• _Problem to work on_
The required output is the stretch from the line containing "越前海岸沿いの福井市・越前町" through the line containing "Thiết kế mô" in the records below, unaltered and with no pictures.

• _Working data_
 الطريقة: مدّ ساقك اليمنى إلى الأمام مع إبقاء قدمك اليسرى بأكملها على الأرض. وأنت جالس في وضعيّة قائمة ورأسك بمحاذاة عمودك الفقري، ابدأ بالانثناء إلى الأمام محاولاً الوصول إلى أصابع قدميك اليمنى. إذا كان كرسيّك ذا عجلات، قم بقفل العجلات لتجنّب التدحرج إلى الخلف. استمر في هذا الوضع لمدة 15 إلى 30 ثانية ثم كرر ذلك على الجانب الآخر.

* * *

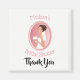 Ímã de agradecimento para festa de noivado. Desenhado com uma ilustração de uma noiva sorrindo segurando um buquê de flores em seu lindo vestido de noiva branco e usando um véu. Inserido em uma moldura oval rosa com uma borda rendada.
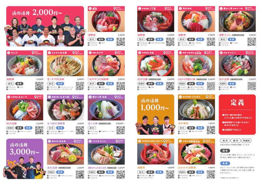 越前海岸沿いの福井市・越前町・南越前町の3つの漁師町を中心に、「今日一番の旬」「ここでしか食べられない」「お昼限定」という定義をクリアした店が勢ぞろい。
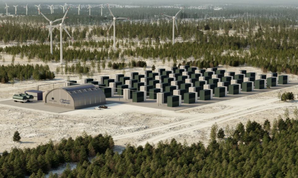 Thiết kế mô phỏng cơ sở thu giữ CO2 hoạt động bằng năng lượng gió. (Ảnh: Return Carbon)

• _Answer for the task_
 越前海岸沿いの福井市・越前町・南越前町の3つの漁師町を中心に、「今日一番の旬」「ここでしか食べられない」「お昼限定」という定義をクリアした店が勢ぞろい。
 Thiết kế mô phỏng cơ sở thu giữ CO2 hoạt động bằng năng lượng gió. (Ảnh: Return Carbon)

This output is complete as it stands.